Avis critique rédigé par André C. le mercredi 22 août 2012 à 1417

Fringe Régénération

La saison 2011/2012 a donné quelques sueurs froides aux fidèles des aventures de la Division Fringe. Pendant toute une année, la série produite par J.J. Abrams et créée par Alex Kurtzman et Roberto Orci a vaillamment lutté dans le créneau ingrat du Vendredi Soir. Une case horaire souvent synonyme de voie de garage pour les productions en difficulté.

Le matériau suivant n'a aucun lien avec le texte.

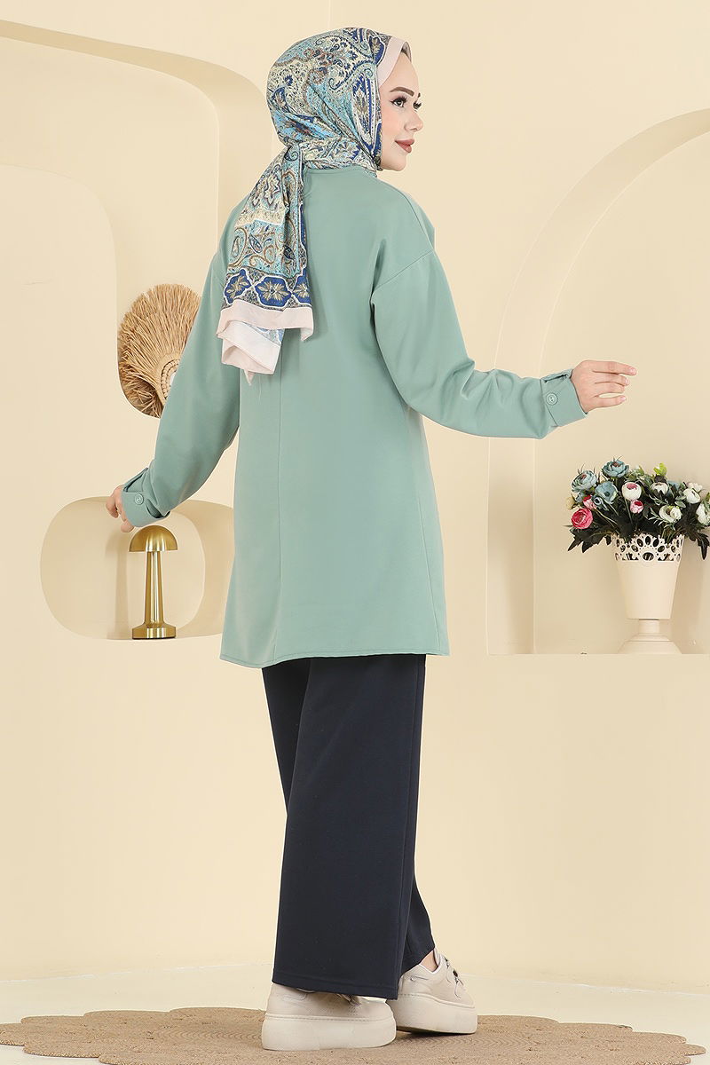 Yırtmacı Aksesuar Düğmeli Takım PL9181 Mint&Laci
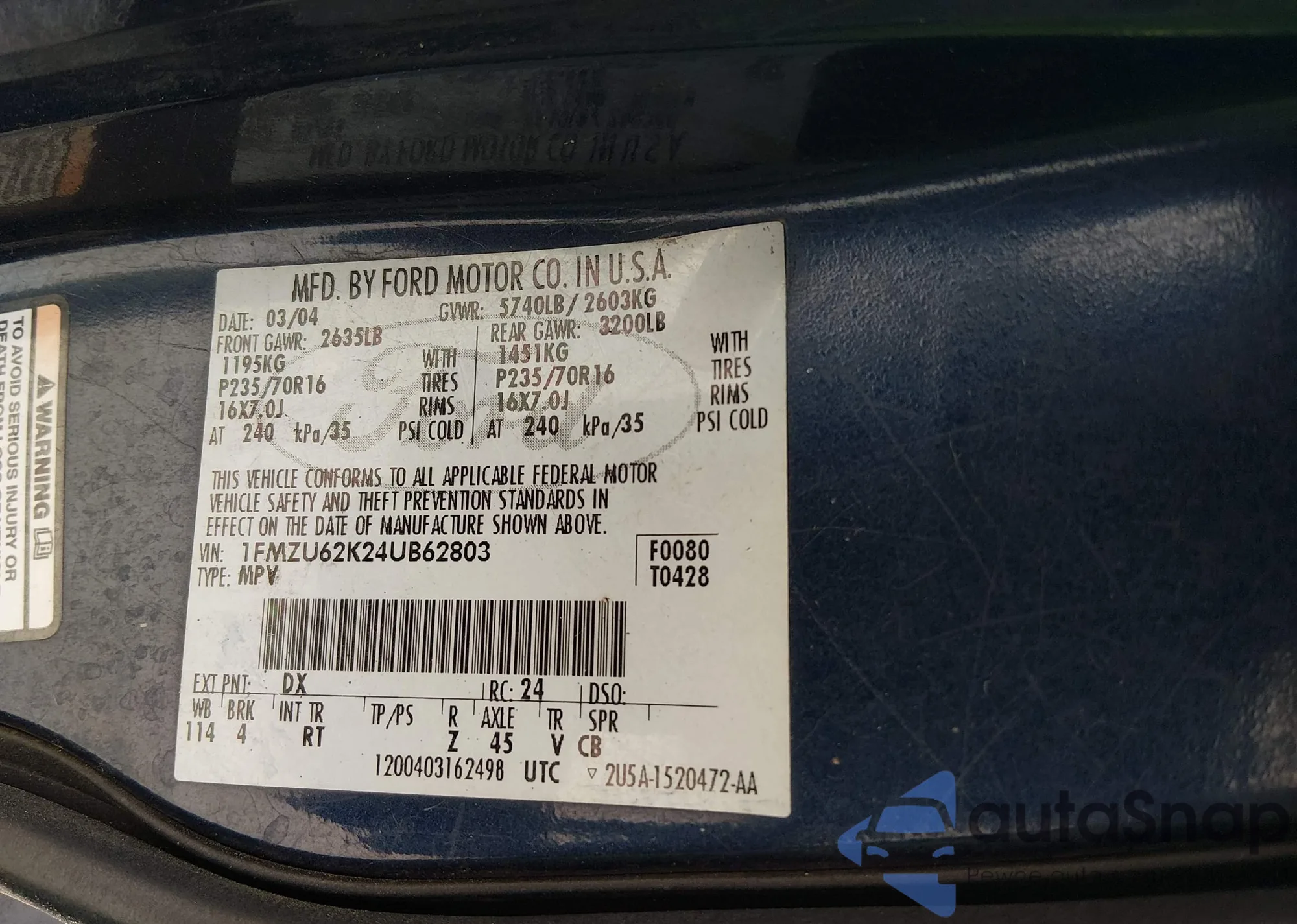 • VIN 1FMZU62K24UB62803
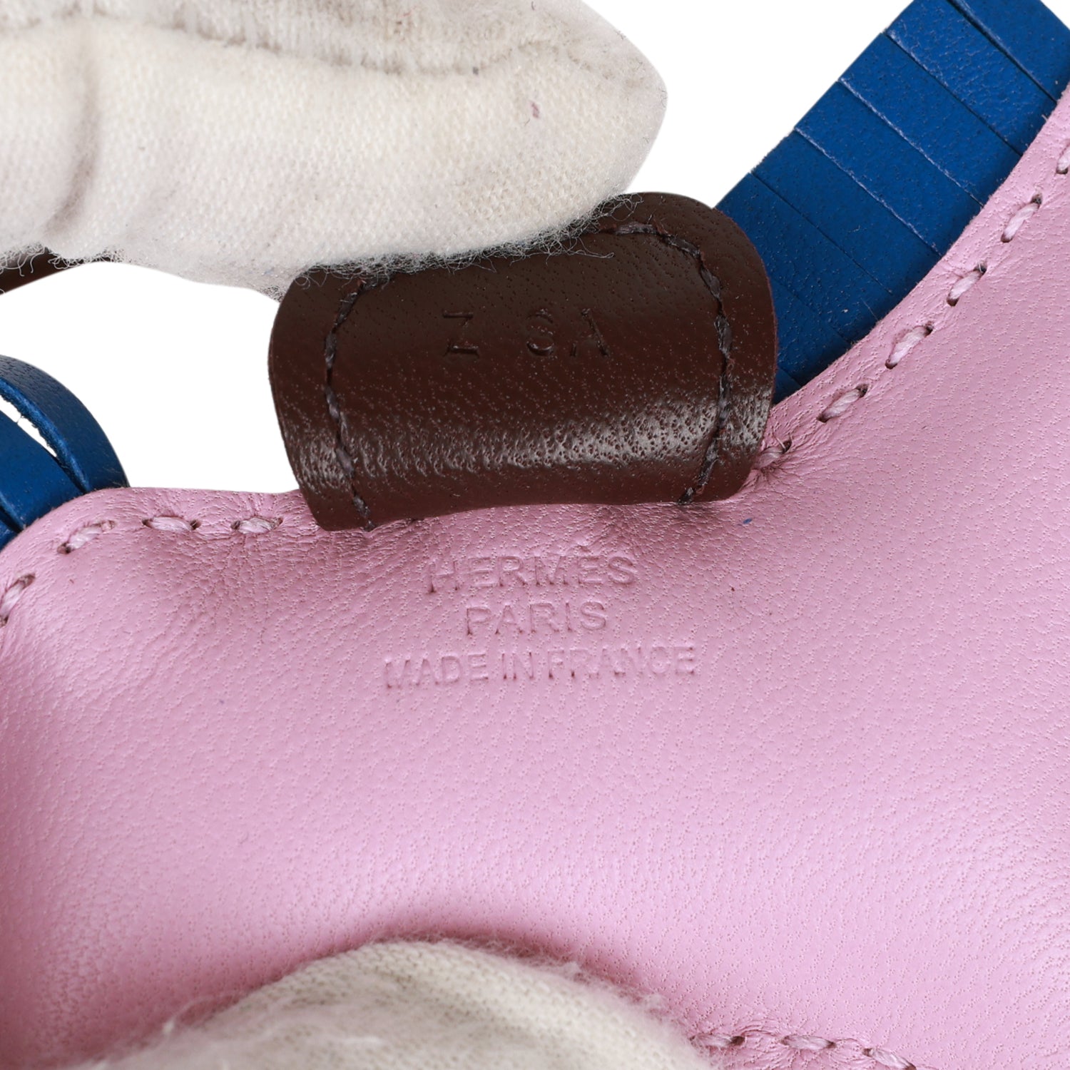 This Pegasus Horse Rodeo Bag Charm PM is in Mauve Sylvestre lambskin leather and accented with a Bleu France mane and tail and a Rouge Sellier holder and saddle.
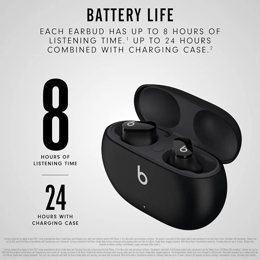 • In the box: Beats Studio Buds, charging case, three sizes of ear tips, USB-C to USB-C charging cable, Quick Start Guide,(USB-C power adapter sold separately)
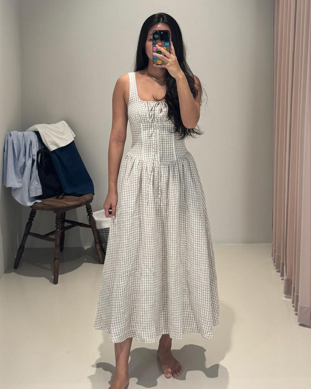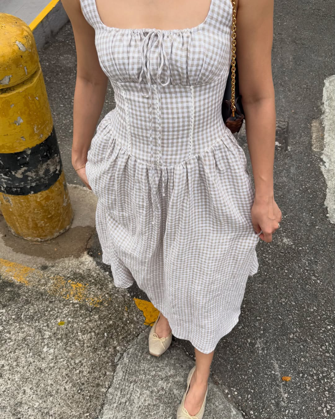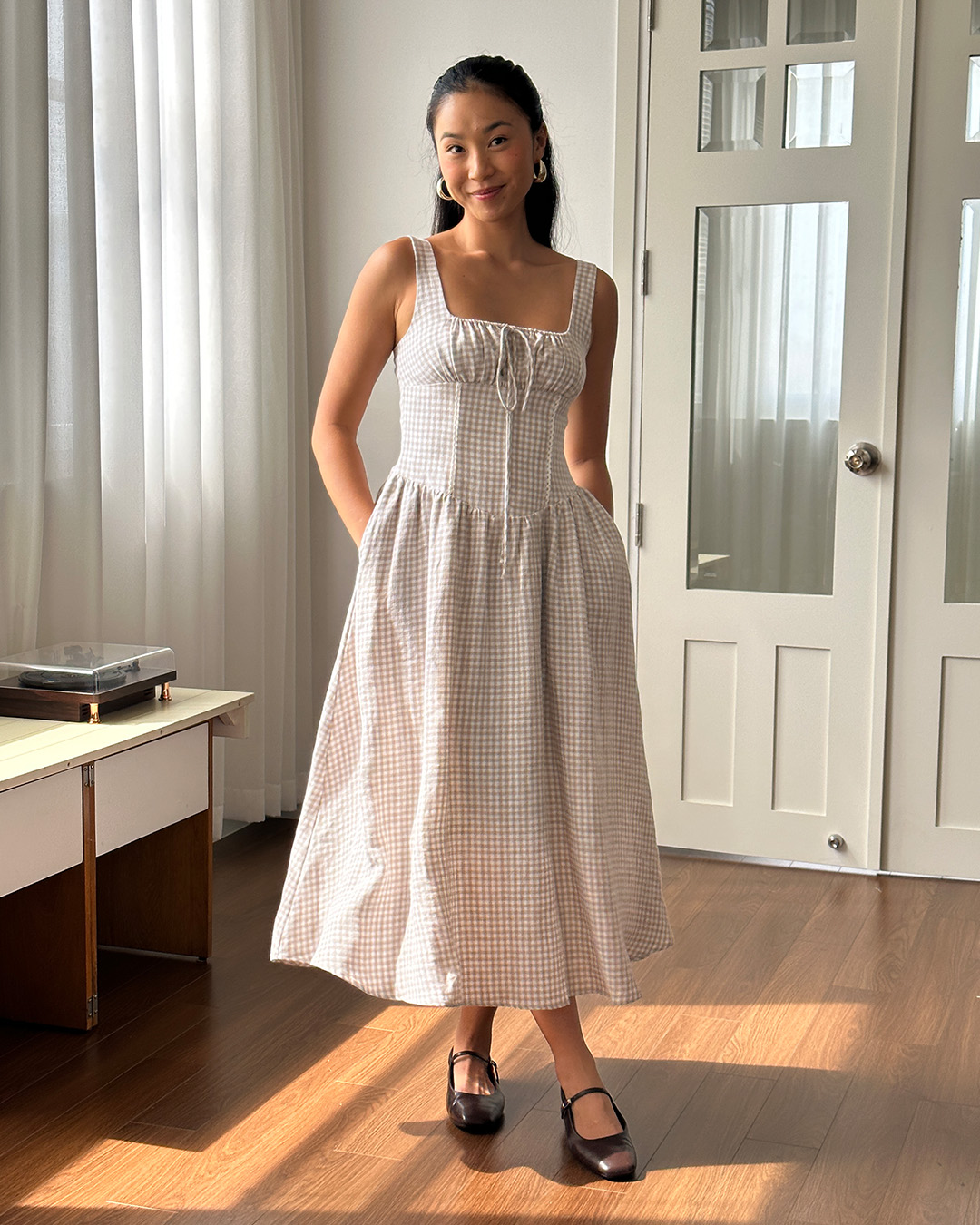 The Liberty Midi is a nostalgic take on summer dressing, featuring a gingham print, ruched bust detail, and a corset-inspired bodice. Finished with a softly gathered skirt, it’s an effortlessly charming piece for sun-drenched days.
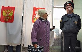 "Единый день голосования в Российской Федерации - 14 октября 2012 года". Выборы мэра Химок. Во время голосования на избирательном участке.
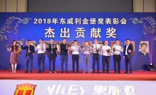 2018年东威利金堡奖表彰会,颁发了杰出贡献奖、最佳形象奖、金销商奖、杰出员工奖、团队PK奖、设计创新奖、优质供应商奖。
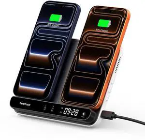 Dual Wireless Charger Stand, SwanScout 504, Foldable Wireless Charging Station Pad for iPhone Air/17/16/15 Series, Samsung Galaxy S25/S24/S23, Google Pixel 10/9/8, Android Phones, AirPods/Galaxy Buds

En effet, l'an passé avait vu un déplacement dans la grille de programmation de la chaîne Fox faisant frémir tout les téléspectateurs assidus, inquiets pour l'avenir de leur feuilleton favori. En passant la série du Jeudi (où elle était en concurrence avec Les Experts : Las Vegas et Grey's Anatomy) au Vendredi, réputé pour être une soirée morne, le message de la chaîne semblait claire : Fringe devenait un boulet (l'audience chutait de semaine en semaine, passant de 10 à 4 millions), il convenait de lui trouver une place afin de limiter les dégâts. Contre toute attente, la série est parvenue à se stabiliser avec des audiences faibles mais sans véritable chute, sans compter son succès à l'international et son taux sur les enregistrements numériques qui confirme la popularité du show et la solidité du public.

Cette 4e saison se voit alors confronter à de multiples soucis autant scénaristiques que budgétaires. On remarque que les relations entre les personnages ont été privilégié au détriment du spectaculaire. Un aspect qui n'est en rien une réelle contrainte pour les auteurs, la série nous ayant habitué dès le départ à ce penchant. Les scènes d'action et avec des effets spéciaux s'offrant à nous comme de simples luxes de leur part. Cette portion s'est donc vu réduite, sans que l'intérêt de Fringe n'en souffre véritablement. Cela a juste renvoyé les auteurs à leur objectif premier.

De telle sorte, et d'une manière tout à fait naturelle, la 4e saison met du temps à dévoiler ses réelles enjeux, préférant s'intéresser avant tout à la « nouvelle » Division Fringe. Et là, il faut avouer qu'il y a de quoi faire. D'une part, la saison précédente nous avait laissé dans un suspense pratiquement insoutenable tout en ouvrant la porte vers un champ de possibilité tout aussi inattendu : la Division est parvenue à stabiliser le pont entre les deux dimensions (qui peuvent maintenant coexister) ce qui occasionne « l'effacement » de Peter Bishop. D'autre part, l'écriture parvient sans mal à conserver une cohabitation entre les enquêtes indépendantes et la mythologie, tout en restant proche des personnages.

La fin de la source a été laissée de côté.